A coligação afirma que viola a Lei do Ar Limpo e a Lei de Procedimentos Administrativos para anular a investigação ameaçada, ao continuar a “deturpar” que não tem autoridade legal para regular os gases com efeito de estufa e ignora provas científicas esmagadoras e de longa data sobre o papel dos gases com efeito de estufa na saúde humana. e saúde humana.

Argumenta também que a revogação dos padrões existentes e futuros de emissões de gases de efeito estufa para veículos viola o dever legal e a responsabilidade primária da EPA de proteger o público de danos ambientais.

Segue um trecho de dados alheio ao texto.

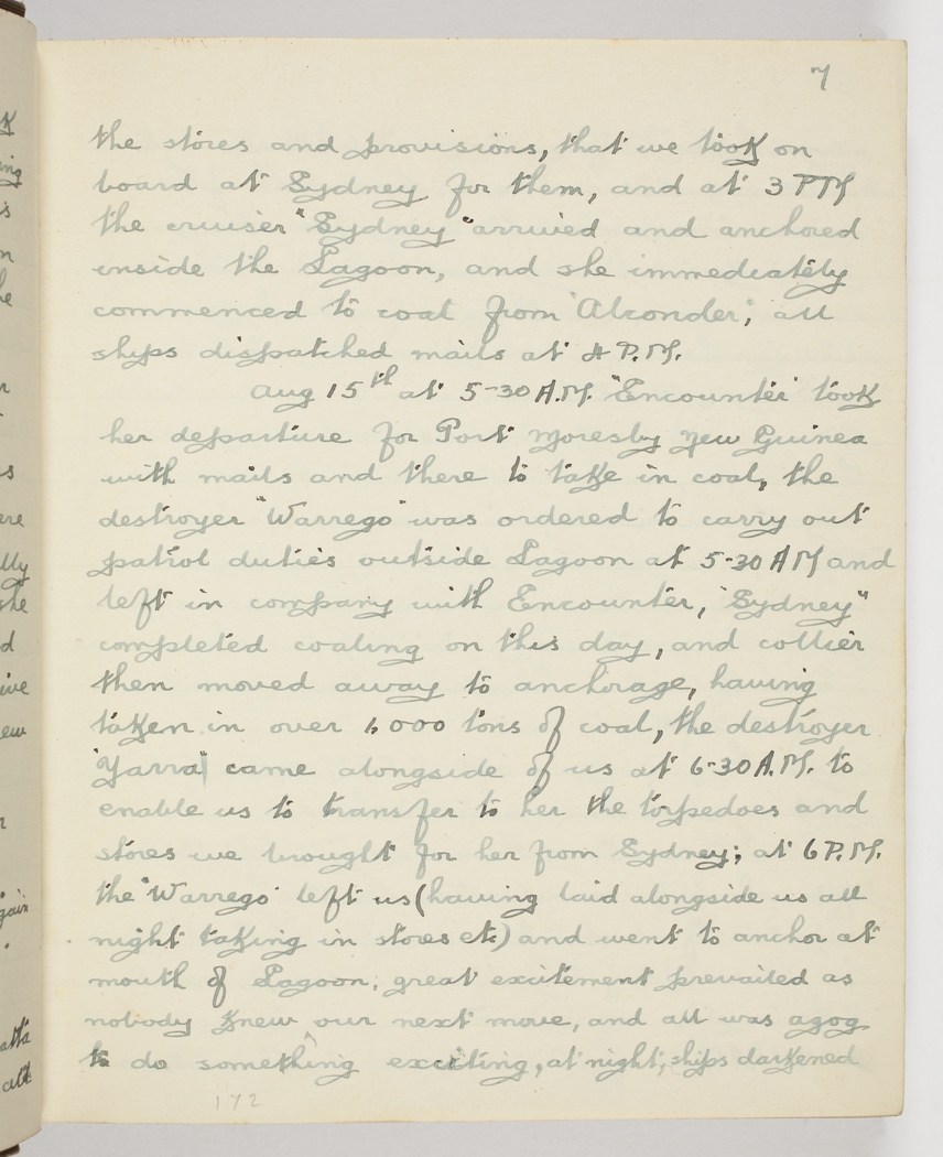 Aug 15th 5.30 A.M. "Encounter" took her departure for Port Moresby New Guinea with mails and there to take in coal, - the destroyer "Warrego" was ordered to carry out patrol duties outside the Lagoon at 5.30 AM and left in company with Encounter, - "Sydney" completed coaling on this day, and collier then moved away to anchorage, having taken in over 1,000 tons of coal, the destroyer "Yarra" came alongside of us at 6.30 A.M. to enable us to transfer to her the torpedoes and stores we brought for her from Sydney; - at 6 P.M. the "Warrego" left us (having laid alongside us all night taking in stores etc) and went to anchor at mouth of Lagoon, - great excitement prevailed as nobody knew our next move, and all was agog to do something exciting, at night, ships darkened.

A revogação do EPA não só prejudicaria 15 anos de progresso legislativo, mas também ameaçaria o investimento americano em tecnologias futuras e a liderança americana nos esforços de transporte e alterações climáticas, disse a coligação.

“É assim que a corrupção se parece. Donald Trump está a violar as leis que protegem os americanos da poluição climática – para enriquecer as grandes petrolíferas e os seus ricos aliados poluentes”, disse Newsom num comunicado. “Os trabalhadores, as famílias e as comunidades pagarão o preço, sendo deixados sufocados pelo ar poluído. Ninguém está acima da lei neste país, nem mesmo o presidente.”

A EPA também lançou dúvidas sobre a ciência climática por trás da sua descoberta de danos, apesar do facto de investigadores independentes em todo o mundo terem concluído que as emissões de gases com efeito de estufa provenientes da queima de gasolina, diesel e outros combustíveis fósseis estão a aquecer o planeta e a contribuir para o agravamento dos impactos climáticos. A compreensão de como o dióxido de carbono aquece a atmosfera remonta a mais de um século.

Na sua justificação, a decisão da agência afirma que a redução das emissões de gases com efeito de estufa dos veículos novos e existentes nos Estados Unidos terá apenas um “impacto de minimis” no aquecimento global e na subida do nível do mar. Mas muitos especialistas dizem que a redução destas emissões é fundamental para reduzir as alterações climáticas, uma vez que o sector dos transportes é a maior fonte de emissões de gases com efeito de estufa nos Estados Unidos.

A proposta da EPA para eliminar a detecção de perigos recebeu mais de meio milhão de comentários públicos, incluindo de ambientalistas, cientistas, grupos de direitos civis, organizações de saúde pública e antigos funcionários da EPA que se opuseram ao plano. O apoio ao plano veio em grande parte da reforma da indústria e de grupos reguladores que afirmaram que os padrões para veículos que dependem da detecção de acidentes são muito caros e onerosos.

Bonta liderou o processo junto com os procuradores-gerais de Massachusetts, Nova York e Connecticut. Eles se juntam aos procuradores-gerais do Arizona, Colorado, Delaware, Havaí, Illinois, Maine, Maryland, Michigan, Minnesota, Nova Jersey, Novo México, Nevada, Carolina do Norte, Oregon, Rhode Island, Vermont, Virgínia, Washington, Wisconsin e o Distrito de Columbia.

A coalizão também inclui o governador da Pensilvânia, Josh Shapiro; as cidades de Boston, Chicago, Cleveland, Columbus, Denver, Los Angeles, Nova York, São Francisco, Santa Clara e Condado de Harris, Texas.

É o 63º processo da Califórnia contra a administração Trump desde que o presidente assumiu o cargo no ano passado.